Vision Statement: Park University will be a renowned international leader in providing innovative educational opportunities for learners within the global society.

CourseMA 120 Basic Concepts of Statistics
FacultyBlahy, Tammy Lynn
TitleSenior Adjunct Professor
Office LocationGrand Forks Air Force Base Education Center, Park University
Office HoursBy Appointment
Daytime Phone701-594-2977
Other Phone204-663-1797
Semester DatesOctober 25, 2004 to December 19, 2004
Class DaysWeekends (F, S, SU)
Class Time8:00 - 5:00
PrequisitesSuggested prerequisite is MA 131 or equivalent.
Credit Hours3

Sanders, D. H. (1995).  Statistics: A first course.  New York:  McGraw Hill.

Additional Resources:
Class handouts, articles from professional journals

Course Description:
A development of certain basic concepts in probability and statistics that are pertinent to most disciplines.  Topics include:  probability models, parameters, statistics and sampling procedures, hypothesis testing, correlation, and regression.  3:0:3

Educational Philosophy:
Dr. Blahy's approach to teaching is interactional and tends to include experiential and integrative techniques that promote the concept of life long learning.  The use of integrative techniques of cooperative learning, hands-on learning, and role of teacher as facilitator aligns with Dewey's theory of progressivism.  Lectures, course projects, activity circles, reflection papers, oral presentations, group assignments, as well as some quizzes and/or exams are utilized to encourage and facilitate student dialogue and learning.  Dr. Blahy believes it is essential that a student is able to think, to interpret, to connect themes, and to grasp the larger picture of interrelation and connectedness through dialogue, rather than "cramming" heads with facts to be inputted and outputted.  Further, she believes a mixture of control and freedom to think(reason) for one's self is of pivotal importance.  By integrating teaching methods for various learning styles, facilitatin of a student's discovery of certain insights on his or her own is fostered.  

Learning Outcomes:
Course Objectives:
1.  To understand and appreciate general concepts of basic statistics;
2.  To understand attempts to answer questions of causation;
3.  To understand and appreciate the meaning and role of statistics in modern life;
6.  To develop computation skills using basic concepts of statistics;  and
7.  To understand basic computer statistical analysis programs;

Learning Objectives:
On completion of this course, students should be able to:
1.  Define and use common statistical terms;
2.  Compute and explain the measures of central tendency, measures of dispersion, measures of position;
3.  Explain and demonstrate sampling and sampling procedures;
4. Demonstrate through discussion an understanding of graphs, tables, charts, and other methods of representing and displaying statistical data;
5.  To classify variables as either qualitative or quantitataive;
6.  To understand the empirical rule and chebysev's theorem;
7.  Utilize varous forms of data representations;
8.  Define, compute, and discuss methods of probability concepts and recognize the uses of addition and multiplication rules in computing probabilities;
9.  Understand and identify continuous and random variables; Be able to calculate values and probabilities using the Normal Distribution;
10.  Understand and compute combinations and permutations;
11.  To understand and compute sampling distributions and explain law of large numbers and central limit theorem;
12.  Compute and discuss parameter estimation, Be able to caculate point estimates and confidence intervals;
13.  Define and discuss terms associated with hypothesis testing, and one-sample procedures;
14.  Understand correlation and be able to calculate the correlation coefficient given two data sets
15.  Explain regression and be able to derive the regression equation for given data
16.  Design, classify, interpret, outline, organize and present basic statistical data through completion of a hypothetical research project; and
17.  Evaluate and synthesize and appreciate how statistics relates to and influences one's daily life activities.

Course Assessment:
Course assessment will be completed through examinations, quizzes and/or homework assignments, project presentations, and a written paper.

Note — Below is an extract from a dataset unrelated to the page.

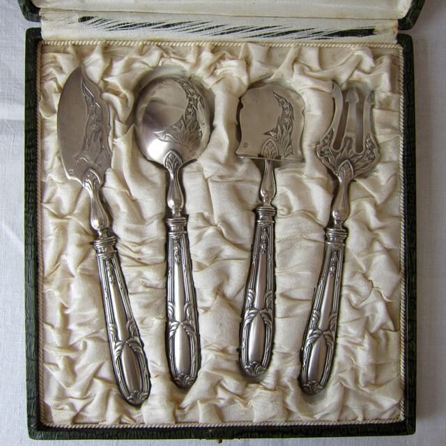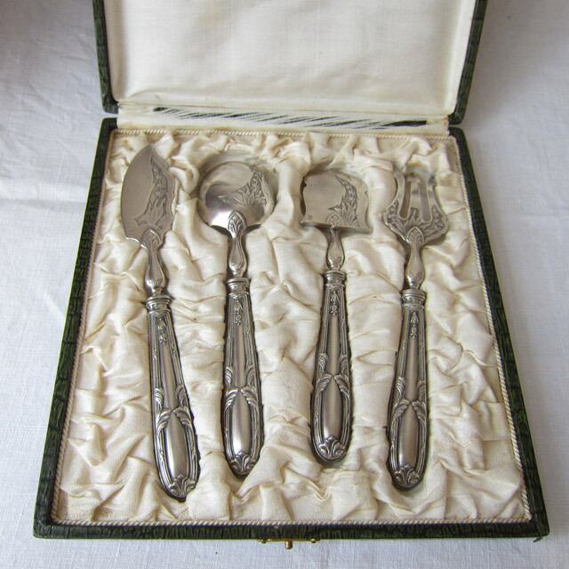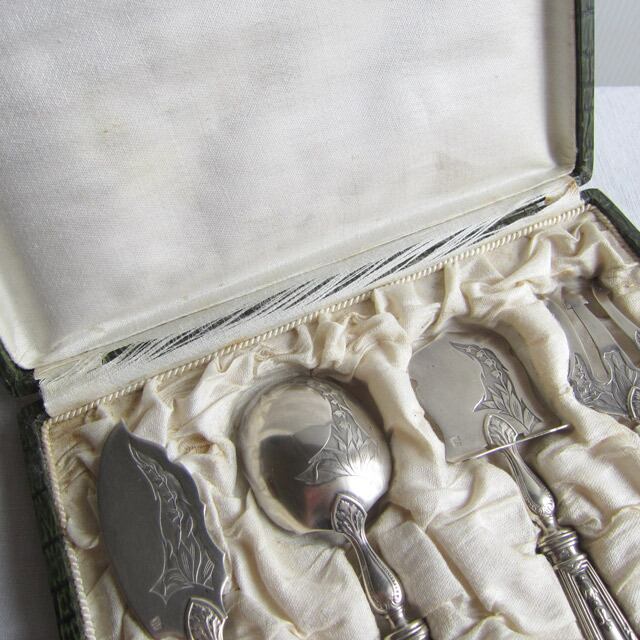 フランスアンティーク オードブル サービングセット サーバー すずらん柄 ケース箱付

Midterm Examination                  30%
Final Examination                        30%
Homework/quizzes                      10%
Written Research                         15%
Statistical Project Presentation  15%

90%=A  80%=B  70%=C 60%=D

The instructor will not accept assignments late.  Assignments not submitted on the due date will receive a grade of “zero”.  There are few exceptions to this policy.  Extreme situations may be discussed with the instructor to make other assignment arrangements.  It is the STUDENT''S RESPONSIBILITY to contact the instructor in advance to discuss situation and seek approval.

Computers make writing and revising much easier and more productive.  Students must recognize though that technology can also cause problems.  Printers run out of ink and hard drive crash.  Students must be responsible for planning ahead and meeting deadlines in spite of technology or other circumstances.  Be sure to save copies of your work to disk, hard drive, and print out paper copies for backup purposes.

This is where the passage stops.